- _Work instruction_
Using the data below, restate exactly every line from the one with "Experience understated elegance" up to and including the one with "出っ歯については下顎を成長さ". No picture belongs in it.

Given records section start

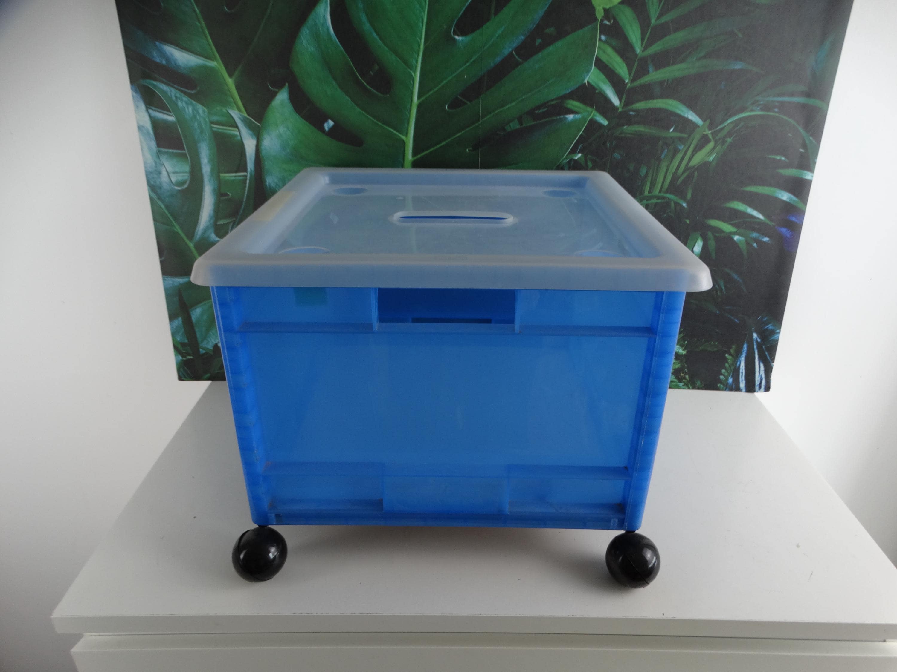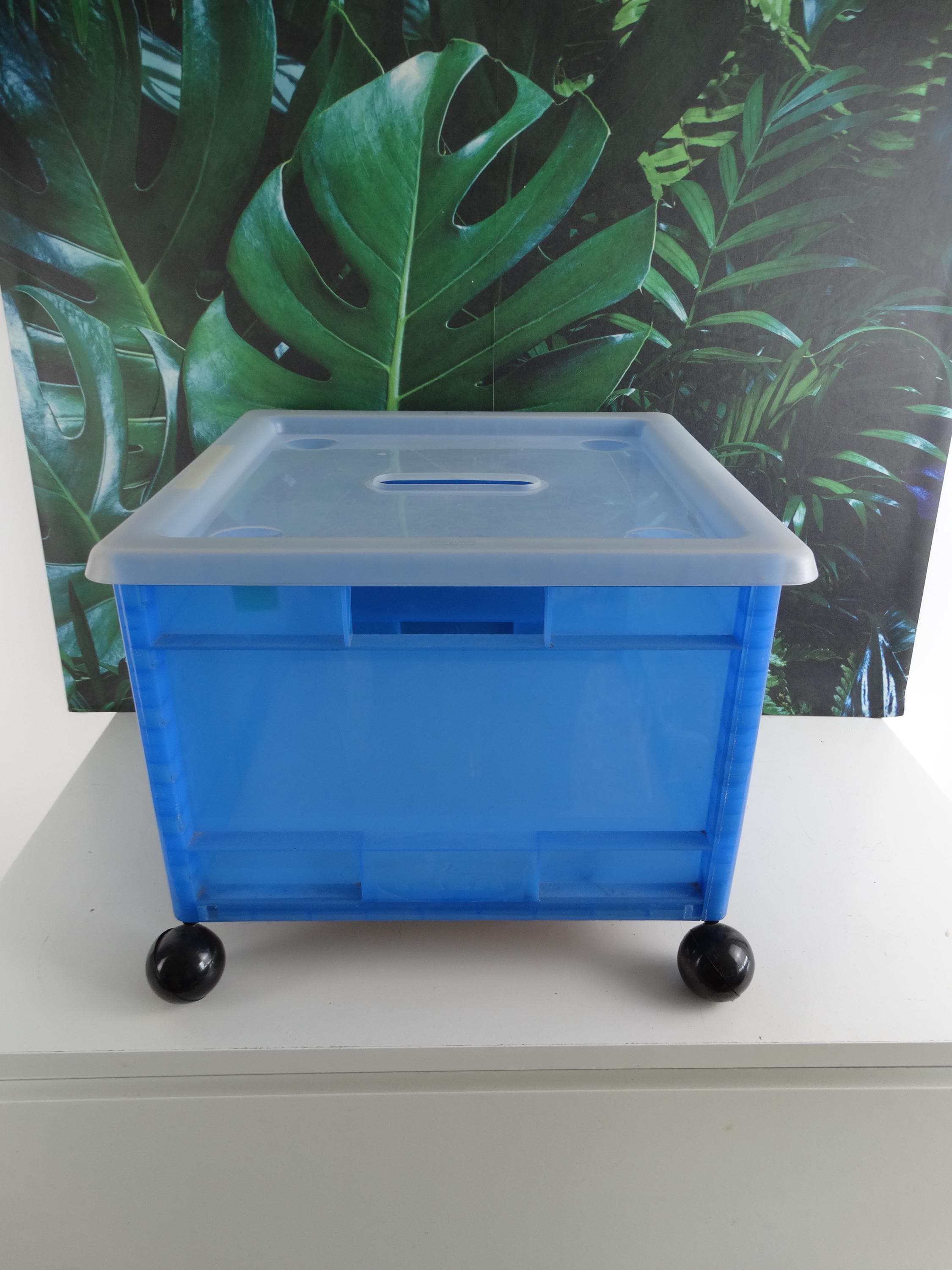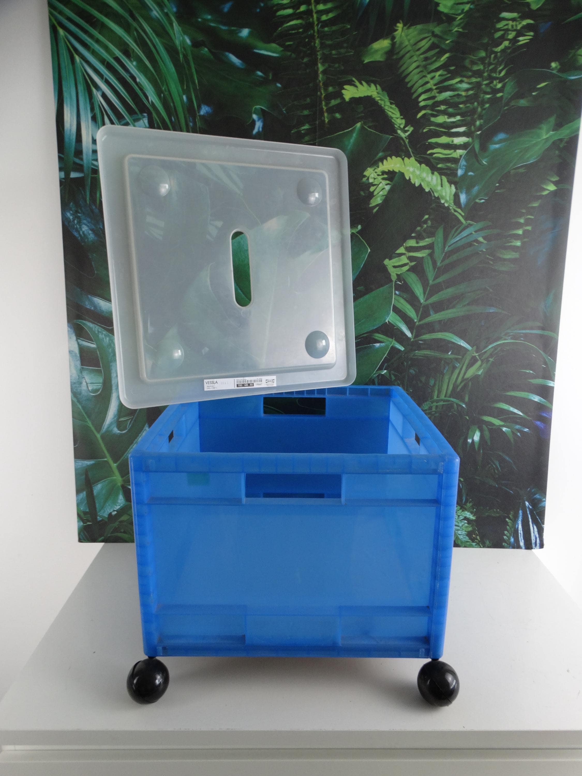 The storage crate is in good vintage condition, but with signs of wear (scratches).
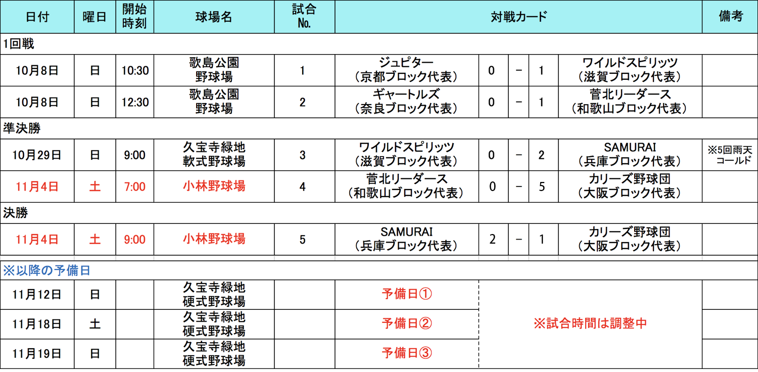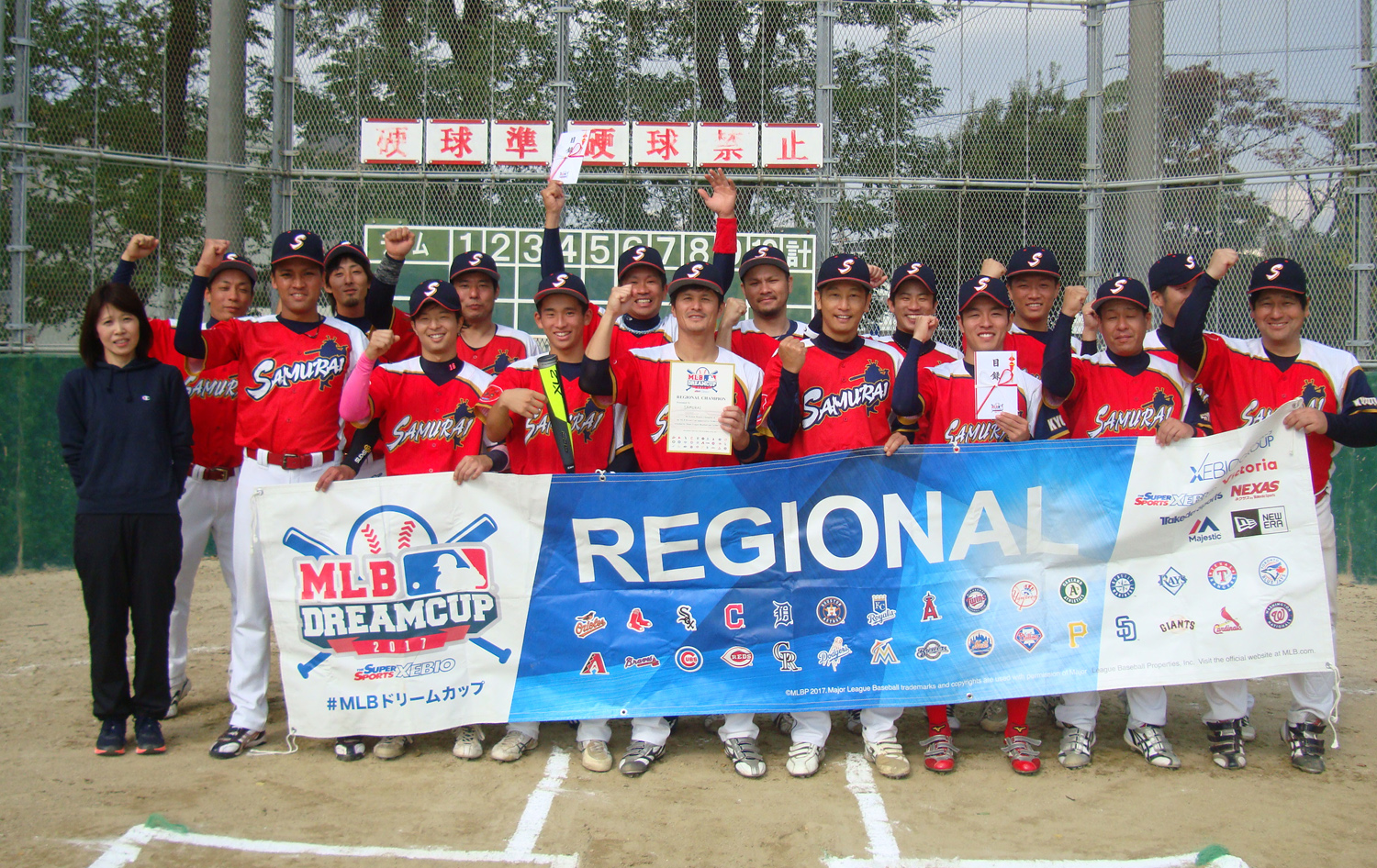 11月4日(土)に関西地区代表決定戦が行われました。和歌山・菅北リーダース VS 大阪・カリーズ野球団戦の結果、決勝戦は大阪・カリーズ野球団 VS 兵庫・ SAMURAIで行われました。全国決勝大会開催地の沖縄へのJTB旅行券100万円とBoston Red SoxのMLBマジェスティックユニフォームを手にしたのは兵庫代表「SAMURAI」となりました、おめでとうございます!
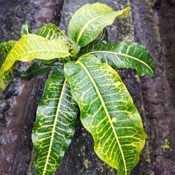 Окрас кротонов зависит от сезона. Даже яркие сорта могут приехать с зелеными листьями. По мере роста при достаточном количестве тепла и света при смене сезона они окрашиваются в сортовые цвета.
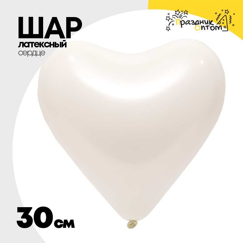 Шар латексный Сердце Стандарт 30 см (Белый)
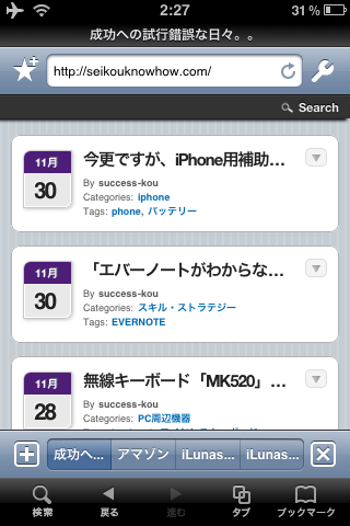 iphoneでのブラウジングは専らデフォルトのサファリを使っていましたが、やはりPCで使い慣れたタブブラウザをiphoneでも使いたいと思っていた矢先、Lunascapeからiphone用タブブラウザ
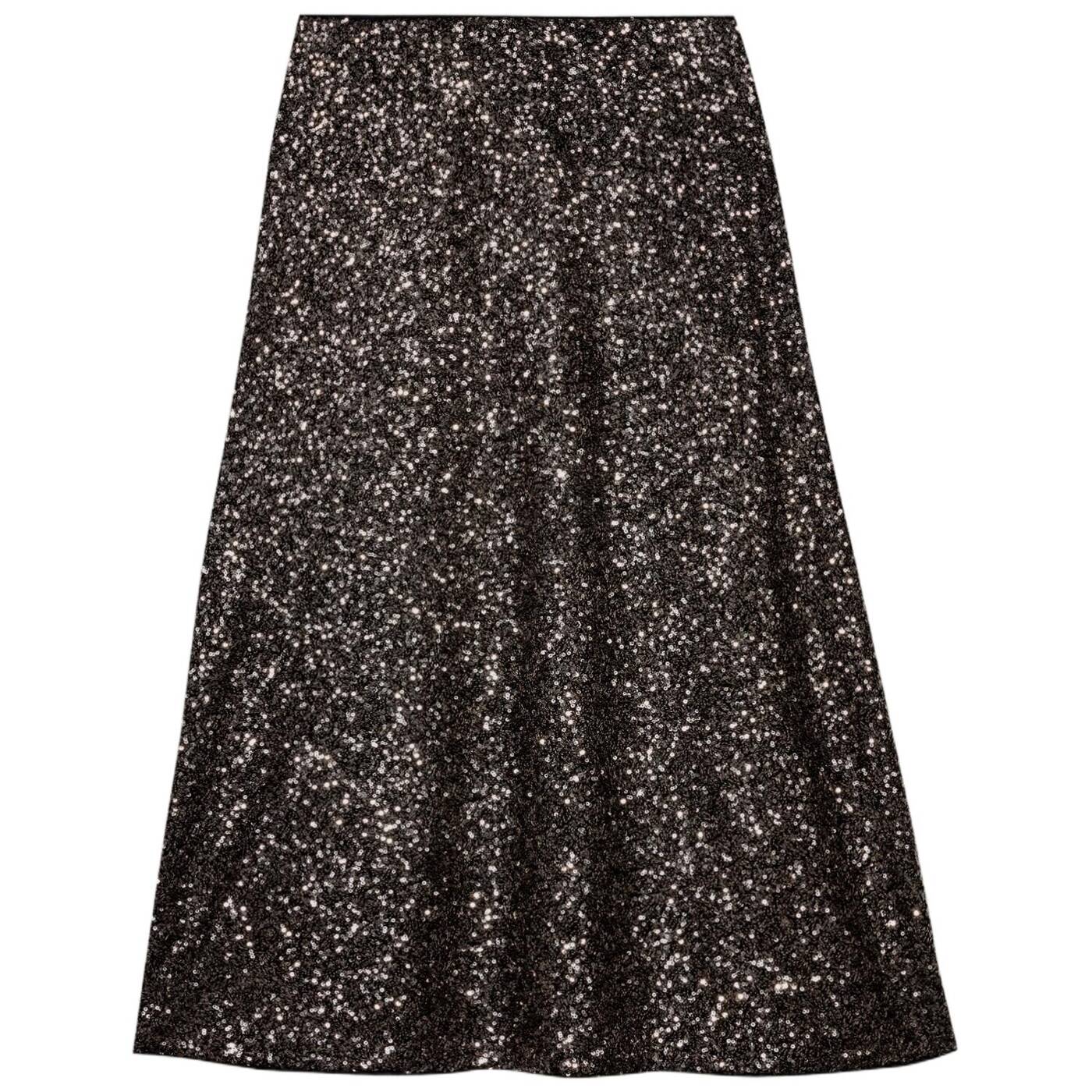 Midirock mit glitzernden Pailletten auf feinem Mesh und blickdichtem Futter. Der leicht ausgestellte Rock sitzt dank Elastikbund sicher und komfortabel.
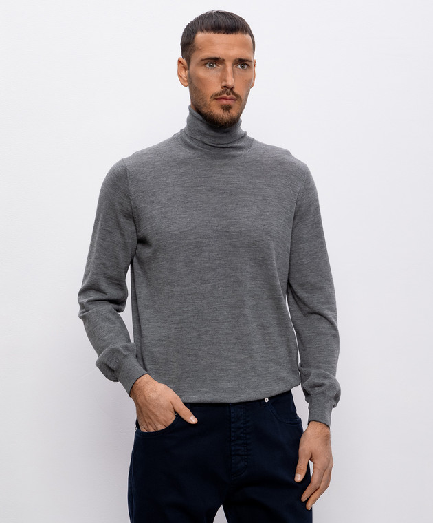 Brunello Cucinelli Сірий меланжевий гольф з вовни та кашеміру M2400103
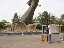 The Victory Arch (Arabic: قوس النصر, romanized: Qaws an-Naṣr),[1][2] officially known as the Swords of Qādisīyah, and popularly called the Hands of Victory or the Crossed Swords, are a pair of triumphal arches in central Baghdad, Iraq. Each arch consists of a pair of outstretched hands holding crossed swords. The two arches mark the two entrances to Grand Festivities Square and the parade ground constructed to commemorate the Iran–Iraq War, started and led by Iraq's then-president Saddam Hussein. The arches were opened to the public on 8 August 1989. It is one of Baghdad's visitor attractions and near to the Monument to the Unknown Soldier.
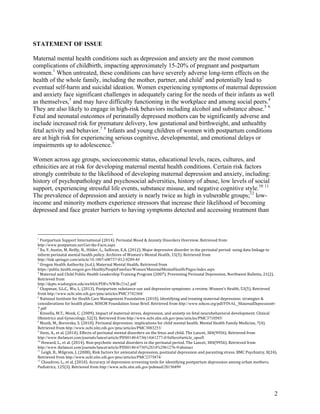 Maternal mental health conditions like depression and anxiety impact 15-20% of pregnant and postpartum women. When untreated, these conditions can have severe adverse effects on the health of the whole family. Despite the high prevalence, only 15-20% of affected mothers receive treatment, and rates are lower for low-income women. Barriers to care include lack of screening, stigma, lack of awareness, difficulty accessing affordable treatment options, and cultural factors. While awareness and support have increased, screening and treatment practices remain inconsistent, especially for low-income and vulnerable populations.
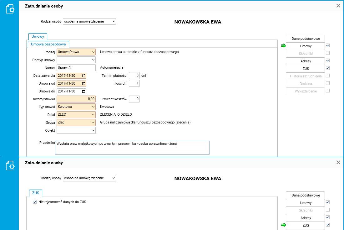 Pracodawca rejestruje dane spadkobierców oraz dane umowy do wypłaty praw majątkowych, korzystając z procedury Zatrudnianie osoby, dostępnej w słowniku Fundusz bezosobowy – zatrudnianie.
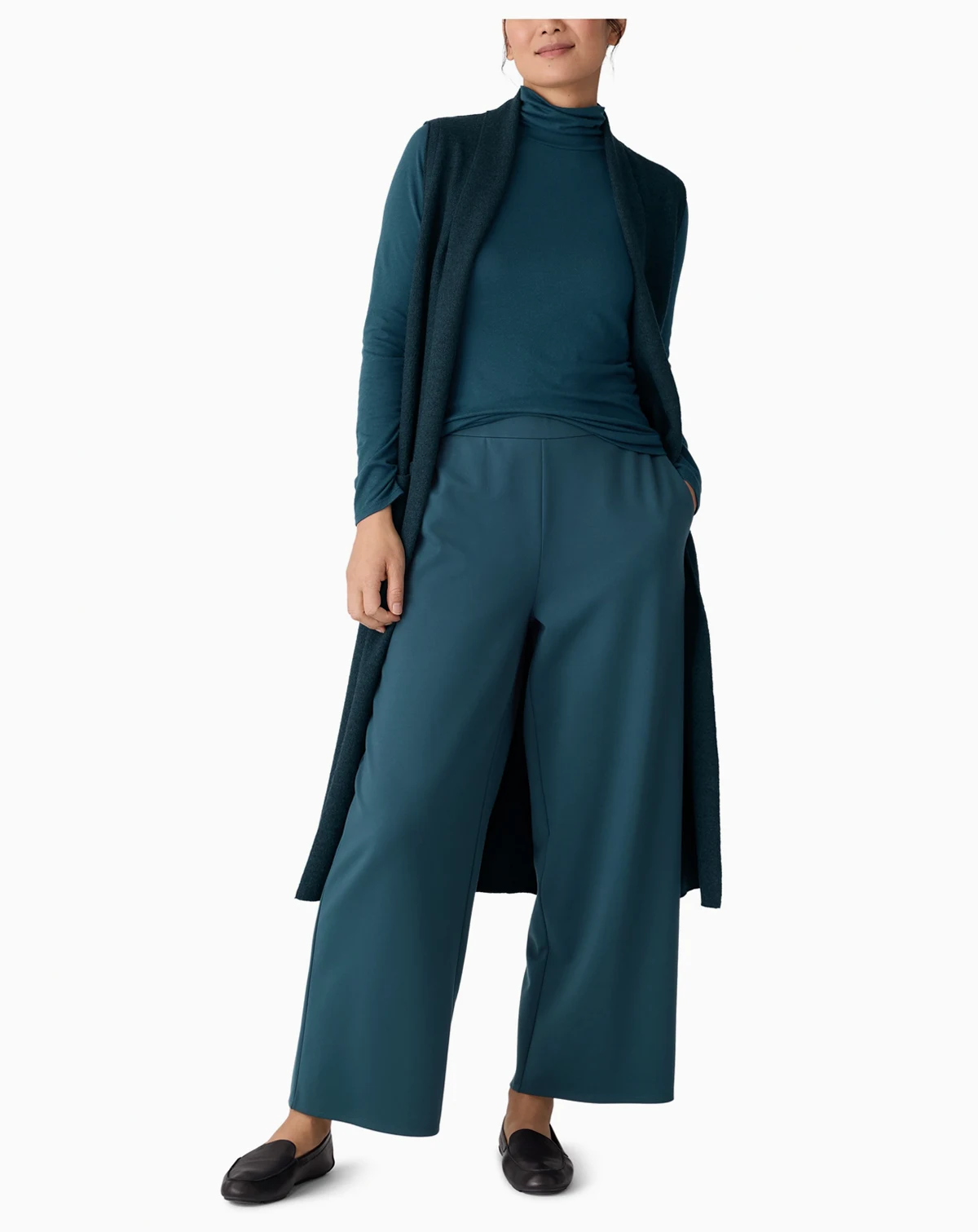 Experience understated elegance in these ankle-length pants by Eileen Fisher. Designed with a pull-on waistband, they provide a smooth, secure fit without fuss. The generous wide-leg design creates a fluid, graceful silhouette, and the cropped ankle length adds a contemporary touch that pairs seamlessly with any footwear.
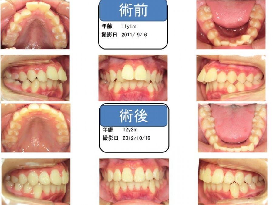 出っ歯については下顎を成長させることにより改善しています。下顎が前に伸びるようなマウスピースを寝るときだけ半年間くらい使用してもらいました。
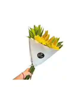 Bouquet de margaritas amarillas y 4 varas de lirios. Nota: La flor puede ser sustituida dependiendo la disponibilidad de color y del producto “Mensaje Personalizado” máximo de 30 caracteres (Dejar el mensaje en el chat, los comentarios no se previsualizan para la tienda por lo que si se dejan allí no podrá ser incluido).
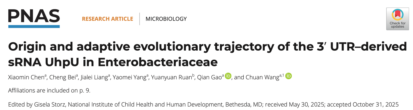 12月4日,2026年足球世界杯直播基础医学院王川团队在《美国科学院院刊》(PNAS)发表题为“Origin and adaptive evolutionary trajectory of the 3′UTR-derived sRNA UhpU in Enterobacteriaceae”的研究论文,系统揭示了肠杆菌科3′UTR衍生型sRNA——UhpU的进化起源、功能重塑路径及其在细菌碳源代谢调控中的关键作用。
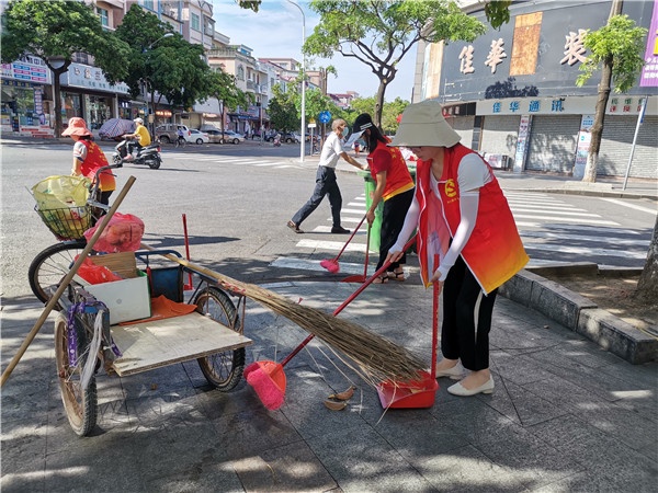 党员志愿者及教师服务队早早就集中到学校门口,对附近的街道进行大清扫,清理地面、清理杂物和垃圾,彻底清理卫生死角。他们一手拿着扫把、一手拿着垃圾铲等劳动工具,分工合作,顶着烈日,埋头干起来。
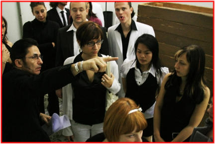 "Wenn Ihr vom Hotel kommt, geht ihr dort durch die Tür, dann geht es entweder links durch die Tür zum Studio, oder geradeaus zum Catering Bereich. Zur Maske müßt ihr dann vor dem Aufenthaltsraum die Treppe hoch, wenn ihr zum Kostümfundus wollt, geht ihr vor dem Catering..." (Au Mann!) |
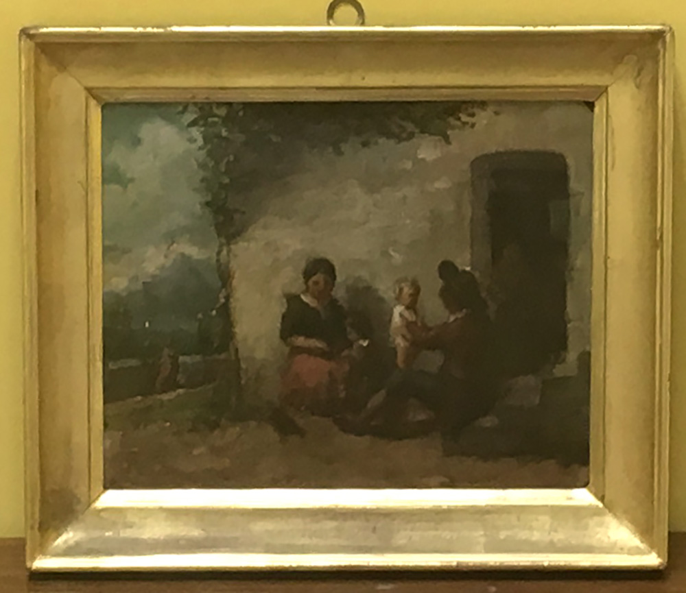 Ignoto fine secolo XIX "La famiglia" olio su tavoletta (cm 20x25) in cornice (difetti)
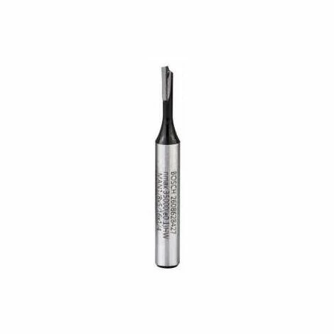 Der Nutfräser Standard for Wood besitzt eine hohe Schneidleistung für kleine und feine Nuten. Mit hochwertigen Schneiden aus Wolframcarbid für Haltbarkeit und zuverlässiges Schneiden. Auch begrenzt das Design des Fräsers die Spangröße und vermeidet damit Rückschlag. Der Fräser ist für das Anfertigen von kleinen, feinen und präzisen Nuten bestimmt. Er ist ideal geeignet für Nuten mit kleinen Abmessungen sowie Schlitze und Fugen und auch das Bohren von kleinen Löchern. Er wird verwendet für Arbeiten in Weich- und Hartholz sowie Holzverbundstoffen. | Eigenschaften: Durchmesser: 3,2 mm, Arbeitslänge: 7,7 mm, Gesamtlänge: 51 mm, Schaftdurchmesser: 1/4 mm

Given records section end

- _Your solution_
 Experience understated elegance in these ankle-length pants by Eileen Fisher. Designed with a pull-on waistband, they provide a smooth, secure fit without fuss. The generous wide-leg design creates a fluid, graceful silhouette, and the cropped ankle length adds a contemporary touch that pairs seamlessly with any footwear.
 出っ歯については下顎を成長させることにより改善しています。下顎が前に伸びるようなマウスピースを寝るときだけ半年間くらい使用してもらいました。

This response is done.